Giunte a Moore Street, le ragazze andavano ai «magazzini comunali». Erano
capannoni antidiluviani, costruiti ad uso specifico dei commercianti in modo che
di notte potessero mettere da parte le derrate da vendere il giorno
successivo. Un magazzino costava cinque scellini al mese.
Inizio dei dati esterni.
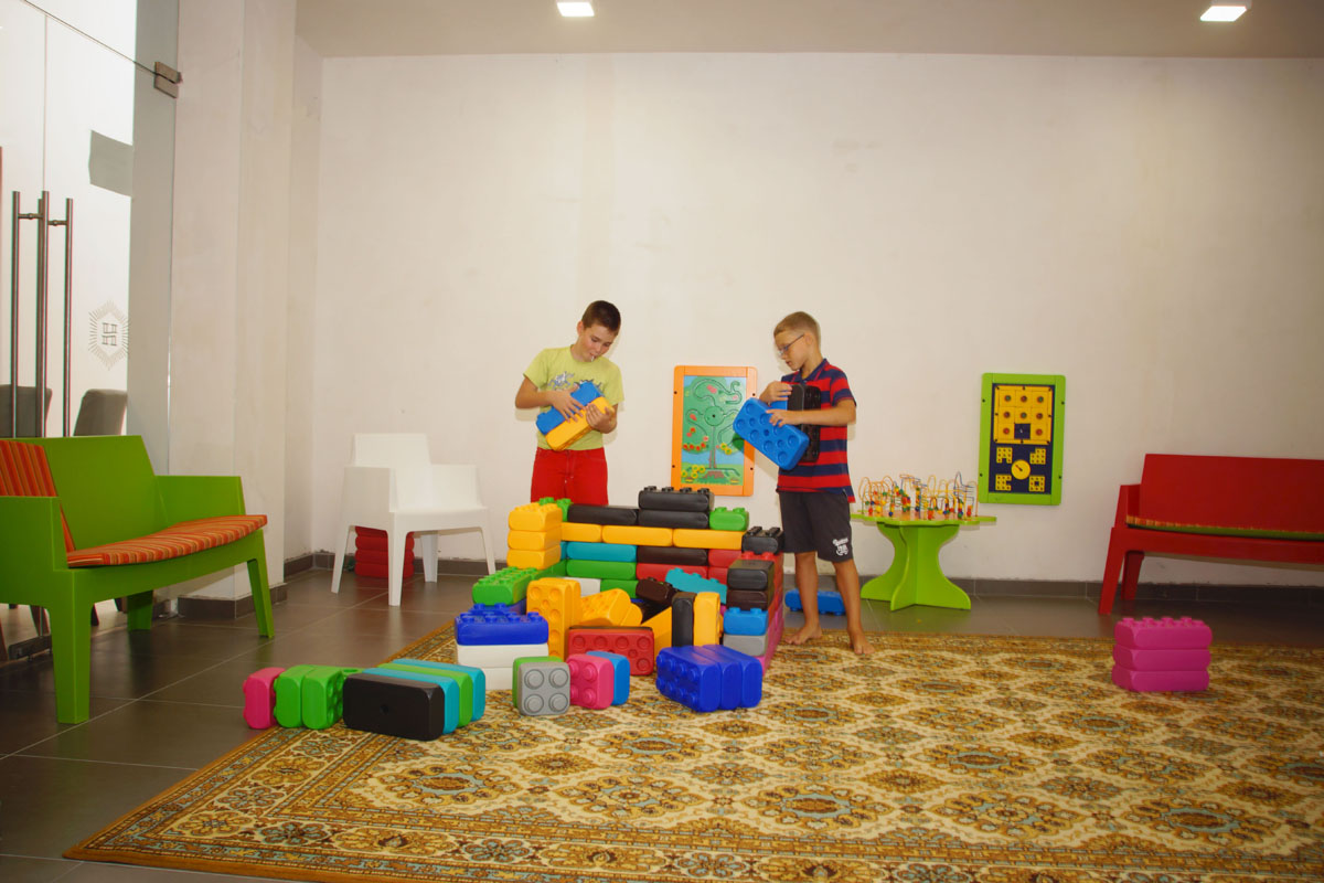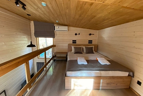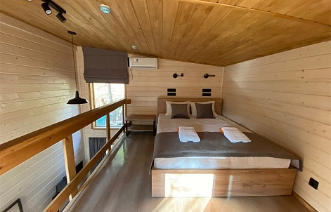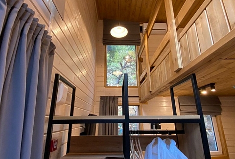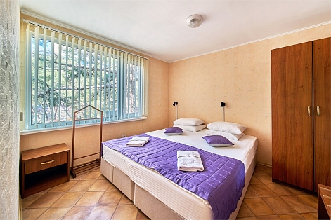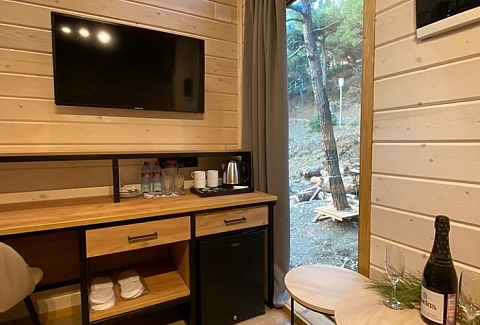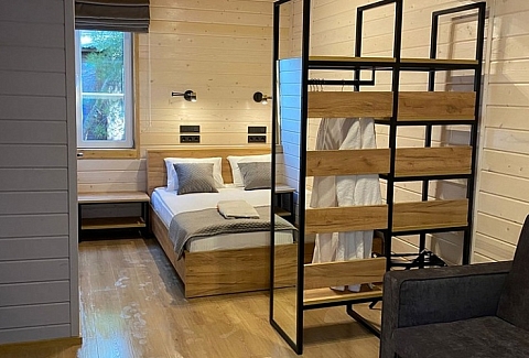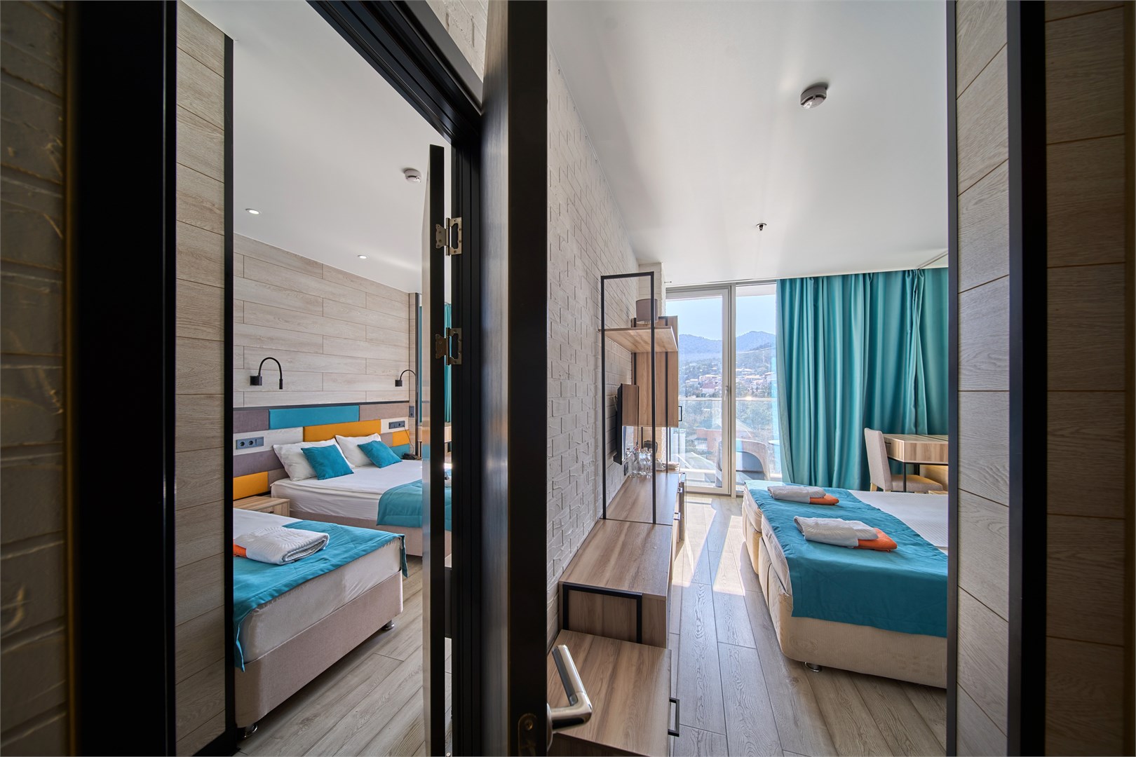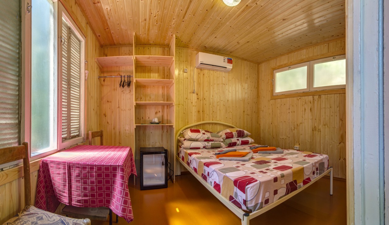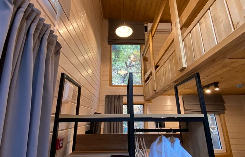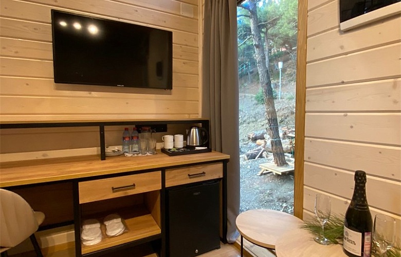 В номере: вешалка, зеркало, кровать двуспальная, кровать двухъярусная, прикроватные тумбочки, стулья, шкаф, кондиционер, мини-холодильник, набор посуды, телевизор ЖК, электрочайник

Agnes e Marion ne avevano affittato uno in due e dividevano la spesa versando
ciascuna due scellini e sei pence.
Tra le sette e le sette e mezza, durante l'allestimento dei
banchi lungo la strada, Moore Street si trasformava in un
alveare operoso. Se il tempo era inclemente, si montavano dei tendoni per
mantenere all'asciutto uomini e merci. Dalle sporte e dalle cassette si tiravano
fuori verdura e frutta, e si lucidavano le mele; ai fiori del giorno prima
veniva accorciato il gambo per dar loro un aspetto più fresco, e i pescivendoli
strofinavano da cima a fondo le lastre
di marmo in attesa dell'arrivo del camion da Howth. Alle sette e mezza, Moore
Street era un giardino che partiva
dall'elegante Henry Street e dalla sua esplosione di fiori
da tutto il mondo – rose, crisantemi, garofani e gigli – per
inoltrarsi verso Parnell Street sfoggiando una gran varietà
di frutta e verdura – dagli avocado alle fragole di stagione – e concludersi con
i pescivendoli, relegati alla fine della
strada, dove tutti potevano vederli ma a nessuno arrivava
il lezzo. Quel rito si ripeteva ogni santo giorno, puntuale
come un orologio svizzero, colorato come le elezioni americane, chiassoso come
un matrimonio italiano e sicuro come una scopata al ballo liscio!